-------- Raw data --------

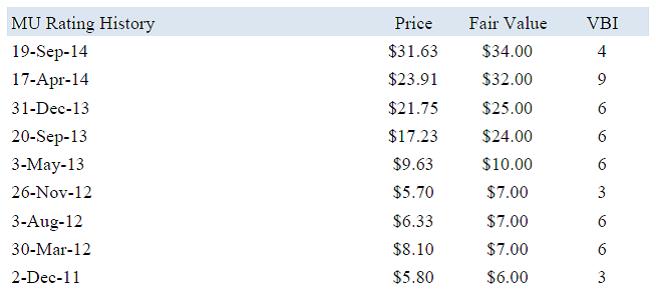 Example 1: If you pull up a 16-page report and, let’s say, it is dated from late April, and the company had registered a 9 on the index and shares were trading $24 at the time. If the stock is now in the mid-$30s, your response should be: “Wow, the stock registered a 9 and now has advanced significantly. The methodology really highlighted this one.” Your response should not be that the report is dated from April. Micron Tech (MU).
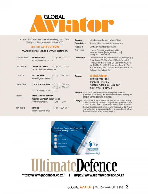 • SAA accidents from 1937 - 1987 • Changes in Store for Pilots during 2013 • Batteries can fly - dreamliners cannot • The value of a good CRM • Final data from Red Bull Stratos freefall. • USS Harry S Truman - Multifunctional taskforce in the Arabian sea • Handover of Botswana Defence Force PC-7 MkII • Nigel Hopkins - Aerobatics and Airliners do go • Denel Pilots spread their wings into Africa • The growing potential of Russian Helicopters in Latin America • Snake on a plane! • The anmanned problem • Airborne Insurance and Aircraft Finance Coporation Student of the year award • Rolls Royce Trent 1000 visited • Gulfstream G280 sets 15 new city-pair speed records as part of the reliability demonstration program And lots more!!
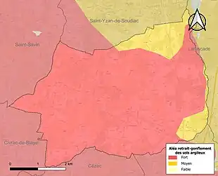 Le retrait-gonflement des sols argileux est susceptible d'engendrer des dommages importants aux bâtiments en cas d’alternance de périodes de sécheresse et de pluie. La totalité de la commune est en aléa moyen ou fort (67,4 % au niveau départemental et 48,5 % au niveau national). Sur les 631 bâtiments dénombrés sur la commune en 2019, 631 sont en aléa moyen ou fort, soit 100 %, à comparer aux 84 % au niveau départemental et 54 % au niveau national. Une cartographie de l'exposition du territoire national au retrait gonflement des sols argileux est disponible sur le site du BRGM[20],[Carte 2].

--------

*About this task*
Return each line of the material exactly as written; exclude the pictures.

*Worked solution*
 Example 1: If you pull up a 16-page report and, let’s say, it is dated from late April, and the company had registered a 9 on the index and shares were trading $24 at the time. If the stock is now in the mid-$30s, your response should be: “Wow, the stock registered a 9 and now has advanced significantly. The methodology really highlighted this one.” Your response should not be that the report is dated from April. Micron Tech (MU).
 • SAA accidents from 1937 - 1987 • Changes in Store for Pilots during 2013 • Batteries can fly - dreamliners cannot • The value of a good CRM • Final data from Red Bull Stratos freefall. • USS Harry S Truman - Multifunctional taskforce in the Arabian sea • Handover of Botswana Defence Force PC-7 MkII • Nigel Hopkins - Aerobatics and Airliners do go • Denel Pilots spread their wings into Africa • The growing potential of Russian Helicopters in Latin America • Snake on a plane! • The anmanned problem • Airborne Insurance and Aircraft Finance Coporation Student of the year award • Rolls Royce Trent 1000 visited • Gulfstream G280 sets 15 new city-pair speed records as part of the reliability demonstration program And lots more!!
 Le retrait-gonflement des sols argileux est susceptible d'engendrer des dommages importants aux bâtiments en cas d’alternance de périodes de sécheresse et de pluie. La totalité de la commune est en aléa moyen ou fort (67,4 % au niveau départemental et 48,5 % au niveau national). Sur les 631 bâtiments dénombrés sur la commune en 2019, 631 sont en aléa moyen ou fort, soit 100 %, à comparer aux 84 % au niveau départemental et 54 % au niveau national. Une cartographie de l'exposition du territoire national au retrait gonflement des sols argileux est disponible sur le site du BRGM[20],[Carte 2].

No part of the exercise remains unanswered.